Older cultures acted exactly the same way, compare e.g. Romans, Huns, Egyptians, Persians (European colonialism just had the naval logistics to make this work on a bigger scale).

> Not sure I understand you correctly, but I strongly disagree that colonialism was a necessary foundation for todays wealthy western democracies.

Then go visit Sevilla and enjoy the output of the mines in the cathedral (no danger at all). And then think a little how amassing enough silver by slavery to make a 60feet high altar 300 years ago didn't give you quite a nice headstart on dominating a world where most other competing cultures valued the same metals as currency.

Not saying this is particularly wrong in the grand scheme or we need to all be in eternal deference to anyone claiming to be a descendant of the people our ancestors exterminated for this. But it should be clear, getting access to these resources and ruthlessly exploiting them made Europe rich and enabled all the other colonialization which followed.
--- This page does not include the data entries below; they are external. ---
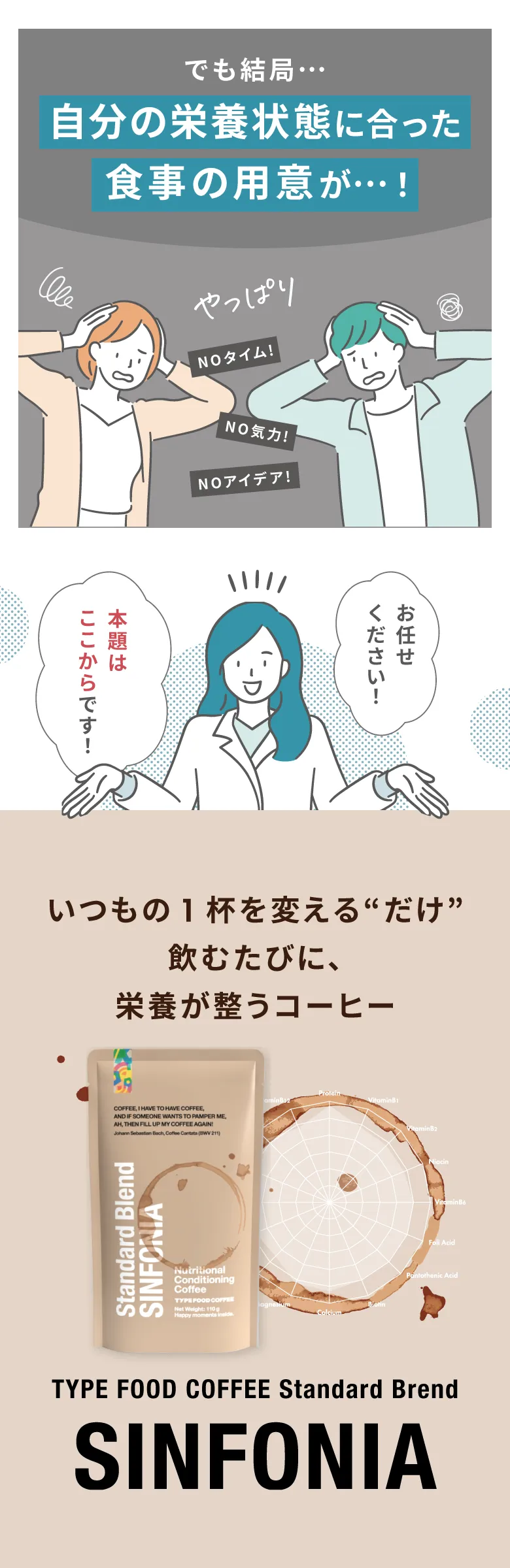 検査でわかった栄養タイプに合わせて、あなたに必要な栄養が入ったコーヒーを選ぶことができます。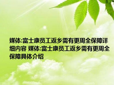 大家好,小太来为大家解答以上问题。媒体:富士康员工返乡需有更周全保障很多人还不知道,现在让我们一起来看看吧!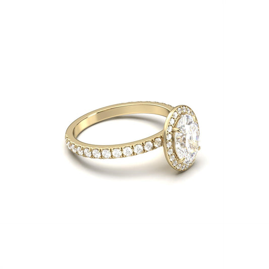 Oval Halo With Full Pavé 14K Yellow Gold Ready To Ship Moissanite Engagement Ring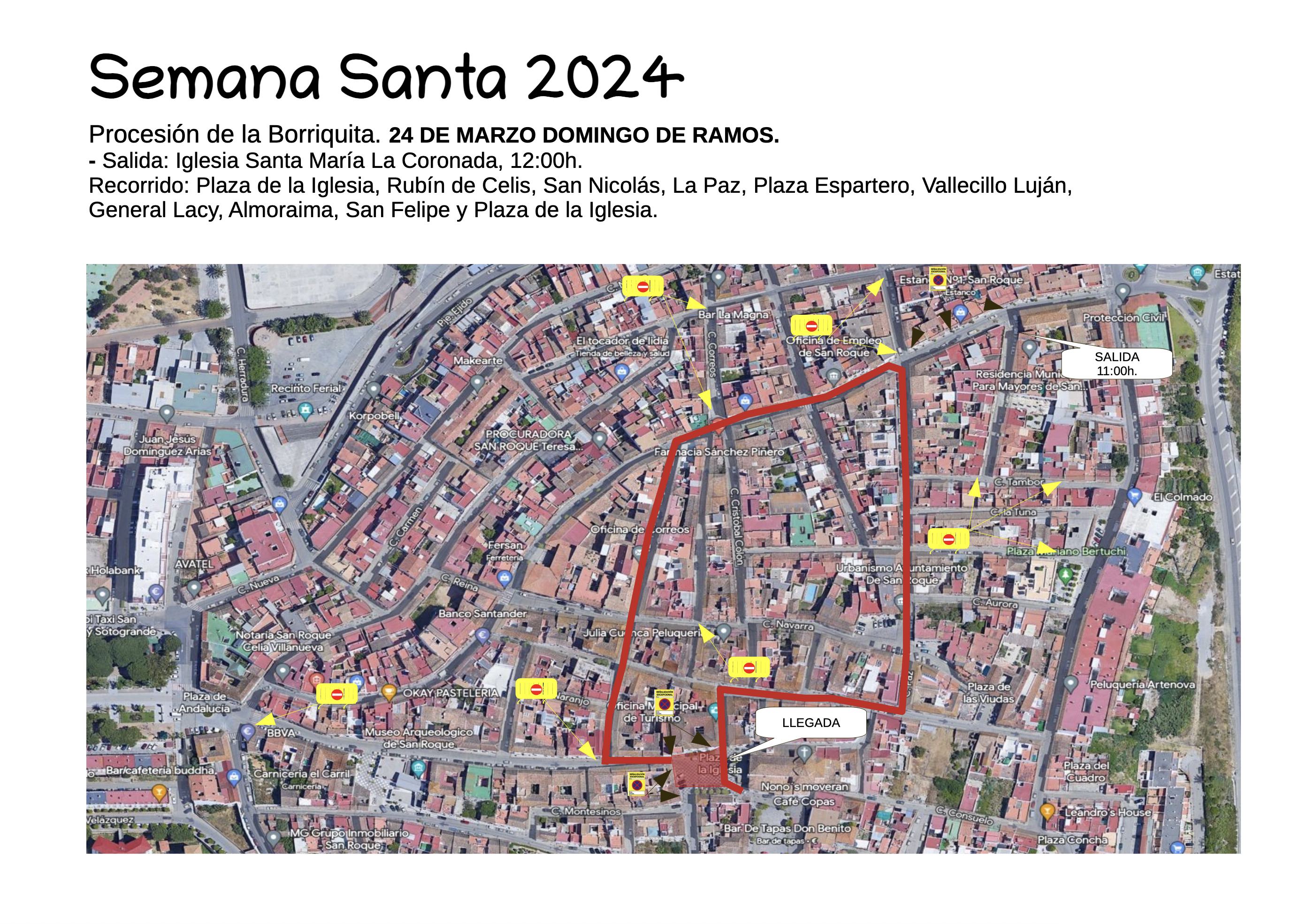 Respecto a la Procesión Juvenil de Cristo Rey en Su Triunfal Entrada en Jerusalén, “La Borriquita, a cargo del Grupo Joven de la Hermandad del Rocío de San Roque, hay que señalar que se trata del segundo año que se celebra, y que comenzará al finalizar la misa en la Parroquia, aproximadamente a las 12.00 horas. El itinerario es el siguiente: Plaza de la Iglesia, Rubín de Celis, San Nicolás, La Paz, Plaza Espartero, Vallecillo Luján, General Lacy, Almoraima, San Felipe y Plaza de la Iglesia.

  • > And then think a little how amassing enough silver by slavery to make a 60feet high altar 300 years ago didn't give you quite a nice headstart on dominating a world where most other competing cultures valued the same metals as currency.

    This is where we disagree. My position is that colonialism was a consequence of post-medieval Europe being dominant, instead of the other way around.

    I'm not disputing that colonialism profitted the perpetrators, but I think giving it major credit for 20th-century Europes wealth is just a misattribution (if I had to reduce that to one word it would be "industrialization" and not "colonialism", very clearly).

    Early ~1900 power dynamics are another strong indicator-- even at the height of colonialism, the nations engaging very heavily in it (British, Spanish, Portugese, Dutch) struggled to keep up with Germany which did not get significant benefit from it at all.

    I would also argue that the biggest value of colonies was less in the raw extraction of ressources, but instead in the trade/arbitration (and additional markets) that they enabled (i.e. the big value-add was not so much stealing the silver out of the ground in Argentinia, but instead the act of getting/selling it to China).

  • > But it should be clear, getting access to these resources and ruthlessly exploiting them made Europe rich and enabled all the other colonialization which followed.

    I'm not GP, but the connections you're making between this sentence and the sentences prior to it are the suspicious ones. What you need to do is argue against the claim that it those things that allowed for the accumulation of all this silver that allowed for the success of colonization.